▶ _What is required_: The entries contain pictures, which should not appear in the copy; everything else must be reproduced exactly.

***** Record extracts

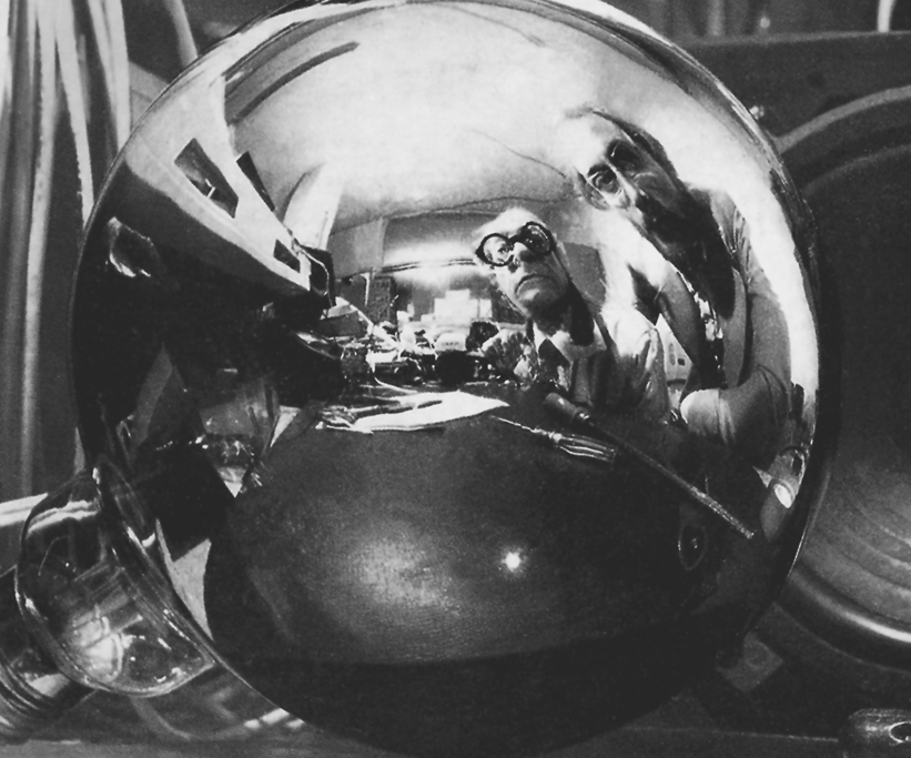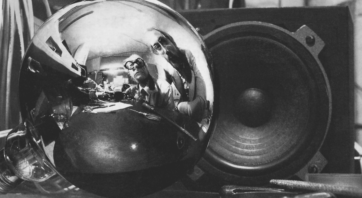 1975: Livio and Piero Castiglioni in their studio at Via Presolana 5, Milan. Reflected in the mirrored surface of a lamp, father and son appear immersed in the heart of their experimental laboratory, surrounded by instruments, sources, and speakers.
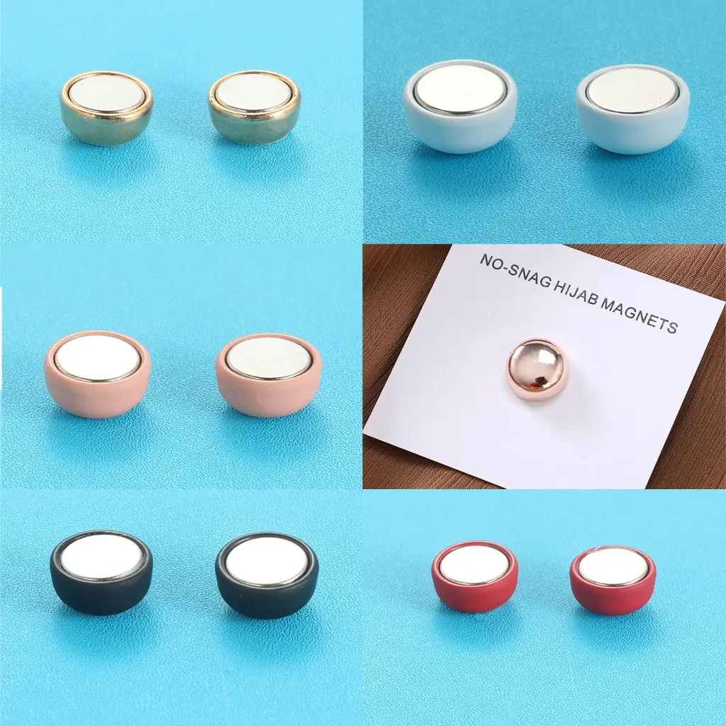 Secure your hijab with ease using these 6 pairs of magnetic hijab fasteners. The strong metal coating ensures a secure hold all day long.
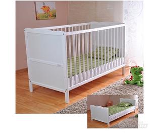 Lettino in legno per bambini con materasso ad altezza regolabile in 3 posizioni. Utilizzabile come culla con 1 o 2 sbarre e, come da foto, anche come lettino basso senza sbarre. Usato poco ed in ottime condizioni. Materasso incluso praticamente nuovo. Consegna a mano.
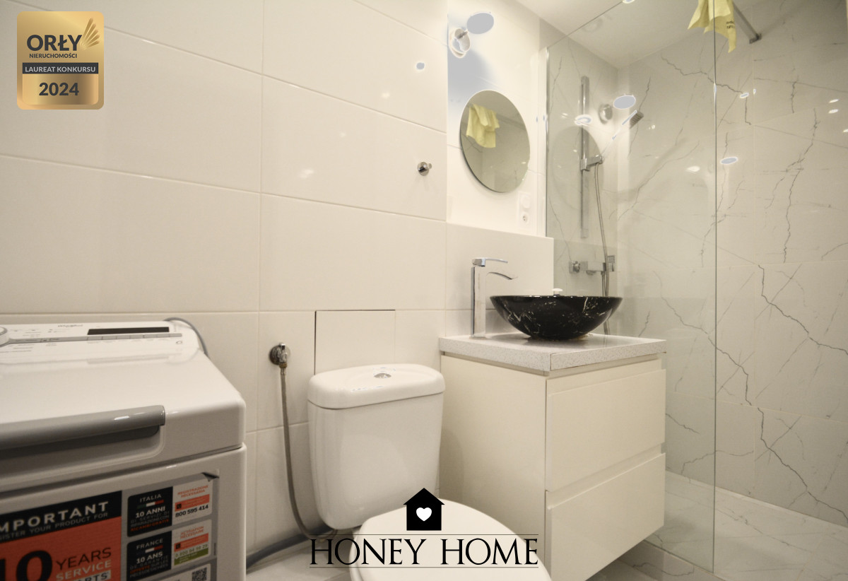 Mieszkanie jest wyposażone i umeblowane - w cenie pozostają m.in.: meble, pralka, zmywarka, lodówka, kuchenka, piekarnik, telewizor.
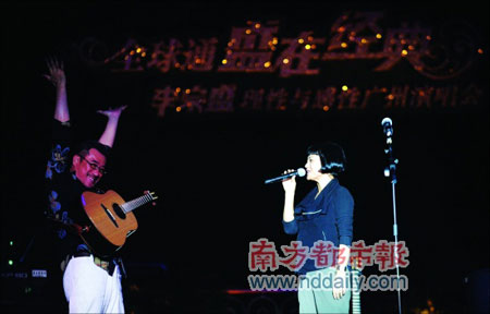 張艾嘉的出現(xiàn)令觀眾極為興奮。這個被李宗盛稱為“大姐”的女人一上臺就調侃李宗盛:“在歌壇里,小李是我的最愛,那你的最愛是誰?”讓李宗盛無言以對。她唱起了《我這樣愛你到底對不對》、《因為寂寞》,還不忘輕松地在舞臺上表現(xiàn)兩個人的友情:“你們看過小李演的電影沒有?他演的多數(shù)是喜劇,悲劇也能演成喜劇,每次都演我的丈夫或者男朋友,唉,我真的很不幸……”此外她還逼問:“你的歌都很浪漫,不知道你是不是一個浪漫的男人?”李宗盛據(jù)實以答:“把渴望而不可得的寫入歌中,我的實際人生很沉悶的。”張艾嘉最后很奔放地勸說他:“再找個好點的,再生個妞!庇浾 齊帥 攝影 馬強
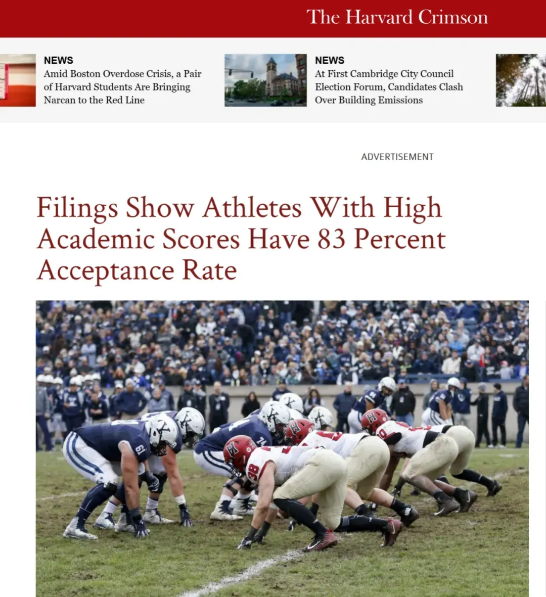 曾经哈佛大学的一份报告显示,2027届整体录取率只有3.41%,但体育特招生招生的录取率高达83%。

**********

▶ _Result of the exercise_:
 1975: Livio and Piero Castiglioni in their studio at Via Presolana 5, Milan. Reflected in the mirrored surface of a lamp, father and son appear immersed in the heart of their experimental laboratory, surrounded by instruments, sources, and speakers.
 Secure your hijab with ease using these 6 pairs of magnetic hijab fasteners. The strong metal coating ensures a secure hold all day long.
 Lettino in legno per bambini con materasso ad altezza regolabile in 3 posizioni. Utilizzabile come culla con 1 o 2 sbarre e, come da foto, anche come lettino basso senza sbarre. Usato poco ed in ottime condizioni. Materasso incluso praticamente nuovo. Consegna a mano.
 Mieszkanie jest wyposażone i umeblowane - w cenie pozostają m.in.: meble, pralka, zmywarka, lodówka, kuchenka, piekarnik, telewizor.
 張艾嘉的出現(xiàn)令觀眾極為興奮。這個被李宗盛稱為“大姐”的女人一上臺就調侃李宗盛:“在歌壇里,小李是我的最愛,那你的最愛是誰?”讓李宗盛無言以對。她唱起了《我這樣愛你到底對不對》、《因為寂寞》,還不忘輕松地在舞臺上表現(xiàn)兩個人的友情:“你們看過小李演的電影沒有?他演的多數(shù)是喜劇,悲劇也能演成喜劇,每次都演我的丈夫或者男朋友,唉,我真的很不幸……”此外她還逼問:“你的歌都很浪漫,不知道你是不是一個浪漫的男人?”李宗盛據(jù)實以答:“把渴望而不可得的寫入歌中,我的實際人生很沉悶的。”張艾嘉最后很奔放地勸說他:“再找個好點的,再生個妞!庇浾 齊帥 攝影 馬強
 曾经哈佛大学的一份报告显示,2027届整体录取率只有3.41%,但体育特招生招生的录取率高达83%。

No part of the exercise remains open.